Typical Physician Practice Sale Adjustments

However, there are several circumstances when physician practices do have business value.  For these types of sales, it is important to understand how the business value and employment offer are related.

A Growing Practice

Let us assume that further examination of the same practice reveals that it has actually grown 10% per year for the past three years in a row while maintaining the same profit margin.  The development of a future projection for the practice shows that the practice will likely grow 10% per year for the next four years as well.

Historical Trends & Projection for Same Practice

For physician practices with growth trends such as this one, depending on how future physician compensation is set, there is clear evidence for business value.  In Chart 2 below, you can see that physician compensation is set at the 2013 level.  Therefore, because physician compensation is semi-fixed, future growth in revenues creates profit for the buyer.

Fixing Physician Salaries at 2013 Level

The tricky part is that any change to the proposed compensation plan, or business valuation, directly effects the other component.  In the tax court case Derby v.
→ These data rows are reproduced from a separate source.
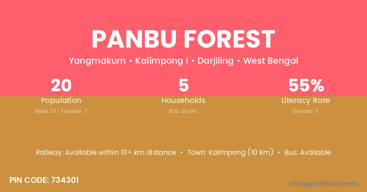 Panbu Forest village has a total population of 20 people, of which 13 are males and 7 are females.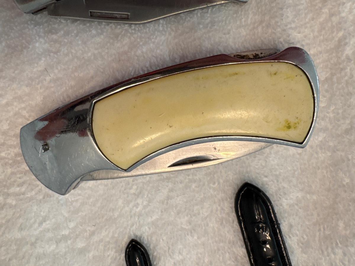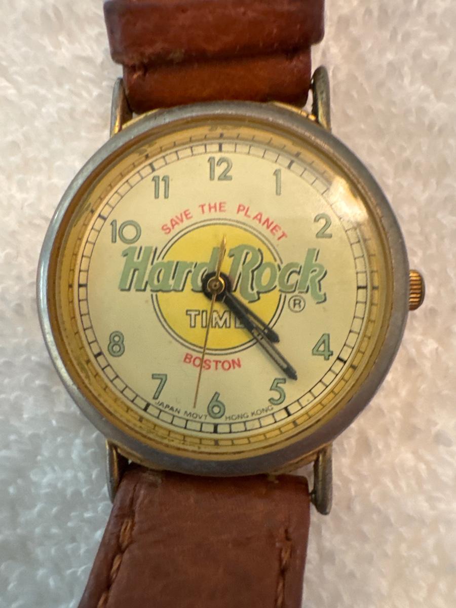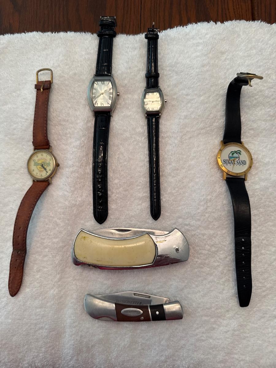 Wrist watches and pocket knives includes Winchester pocket knife, hard rock, hotel, watch Sugar Island, Marine, watch and 2 quartz watches his and hers.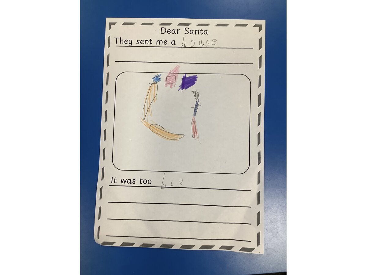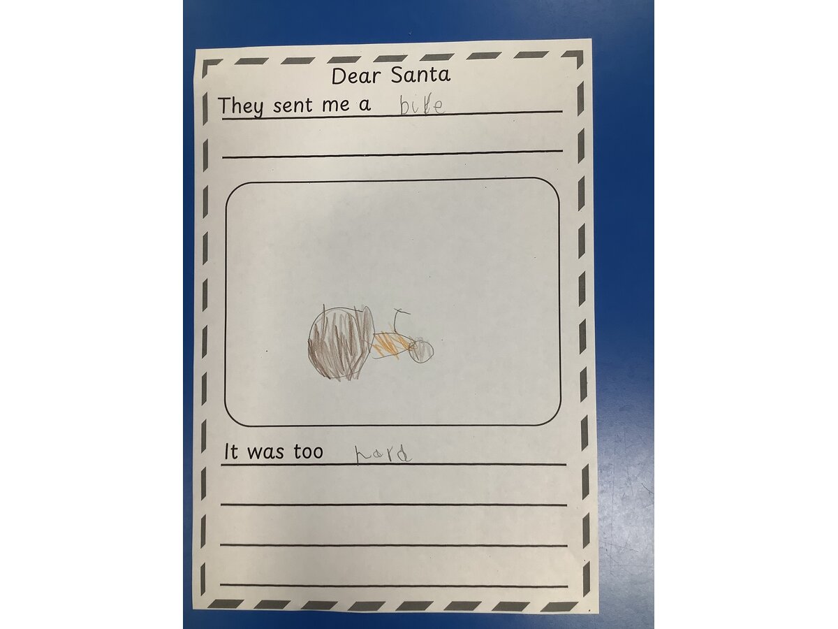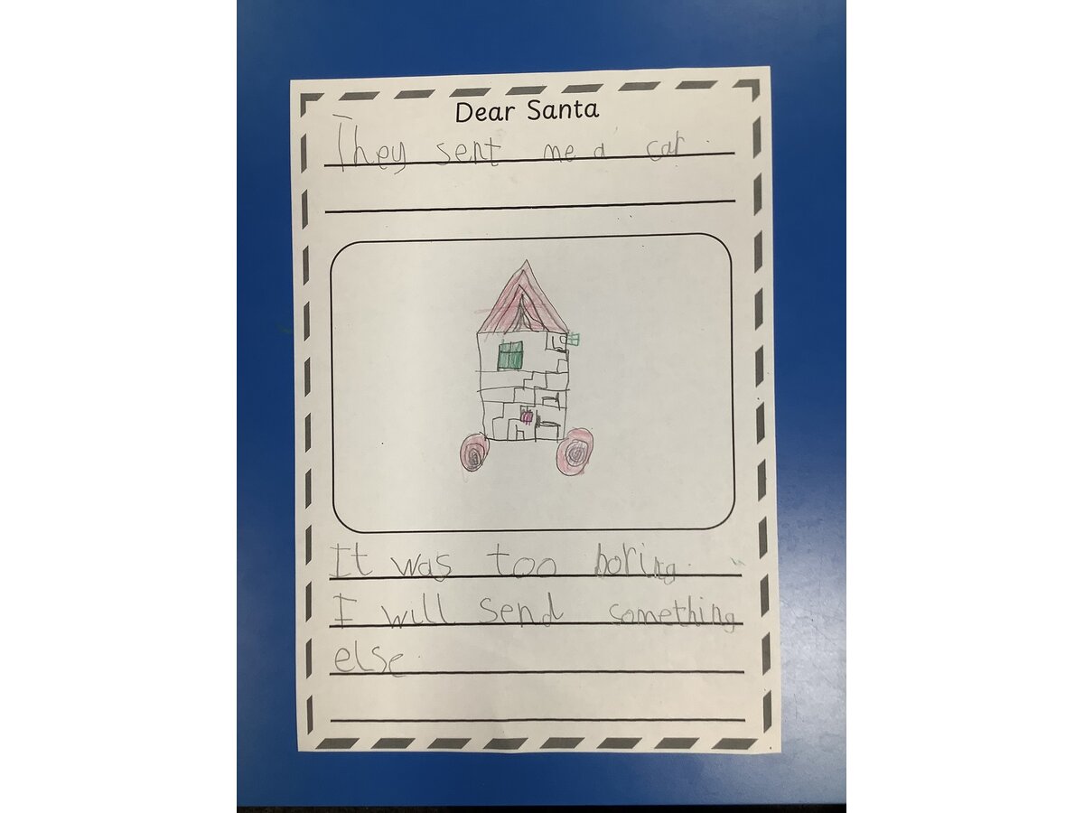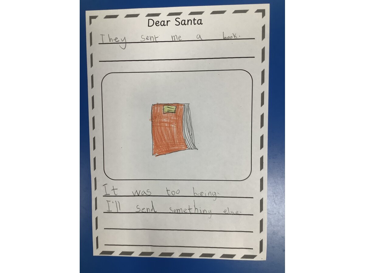 We used the story of “Dear Santa” to create our own pages for a class book.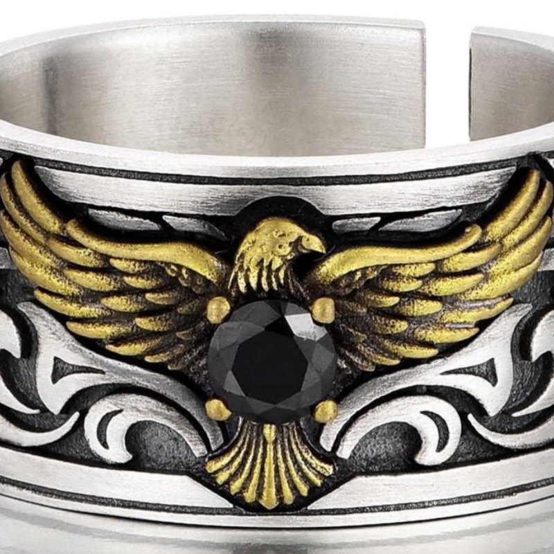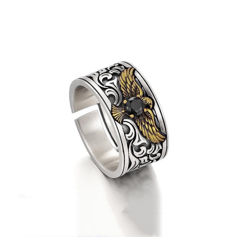 新款老鹰戒指潮个性复古单身小众男生中指指环开口可调节
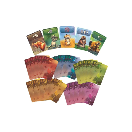 Каждый игрок получает пять карт зверей. Каждый раунд два животных будут выбраны для поиска вкусностей. Каждое животное имеет свои уникальные свойства:

Commissioner the court determined that for transactions involving both a practice sale and a compensation offer, the same post-transaction compensation offer should to be factored into the business valuation.  This means that each and every possible adjustment discovered during due diligence process could possibly have an effect on both the practice sale price and the proposed compensation.

Here are three examples.

Example #1:

During due diligence, several discretionary and one-time expenses are identified that can be removed.  These include (a) one-time attorney expenses to review all the practice’s policies and procedures, (b) consultant expenses related to the sale, and (c) discretionary travel expenses for sending staff to certain conferences.  The removal of these items reduces the practice’s total annual expenses by $100,000.

This extra $100,000 in profitability can be credited to the business value or be considered an extra $100,000 in annual physician compensation under the future plan.  Or the extra $100,000 could be split with $60,000 being credited to the business value (perhaps increasing sale price $180,000 with a 3.0x multiple) and the other $40,000 being applied to the annual physician compensation plan as an increase.

Example #2:

The physician owners are close to retirement and the practice sale price is a higher priority to them than the future compensation proposal.  During due diligence, the parties decide to split the practice into two businesses.  One business is the professional physician practice and the other business is the in-office MRI business.  The owners/sellers would rather have an extra $200,000 of their practice’s overall profit be realized as MRI business value rather than personal compensation because the 4.0x multiple on the MRI business yields an additional $800,000 on the sale price ($200,000 x 4.0  = $800,000).  While the three owners’ compensation will be $200,000 lower per year during their employment contract, they prefer the upfront payment because they do not intend to work much longer.  The buyer is equally amenable to this arrangement, because after the owners retire in 3 years, it can replace them with younger, less costly physicians.  The current owners will stay on for a three year employment contract to help with the transition to the new physicians.

Example #3:

During due diligence, it is discovered that Medicare reimbursement for in-office imaging will decrease next year, resulting in a $100,000 decrease to revenues.  This $100,000 adjustment to revenue will have to manifest as an adjustment to the business value, or annual physician compensation, or split between the two.  If business value is more important to the physicians than future compensation, the three owner/sellers may waive the proposed compensation for their three directorships to keep the projected profit margin budget neutral and maintain their sale price.

Selling and buying physician practices can be a tenuous process.  As much research and preparation as possible should be conducted before putting an offer on the table because adjustments discovered during due diligence can create the appearance of a “bait and switch” tactic that is frustrating to both parties.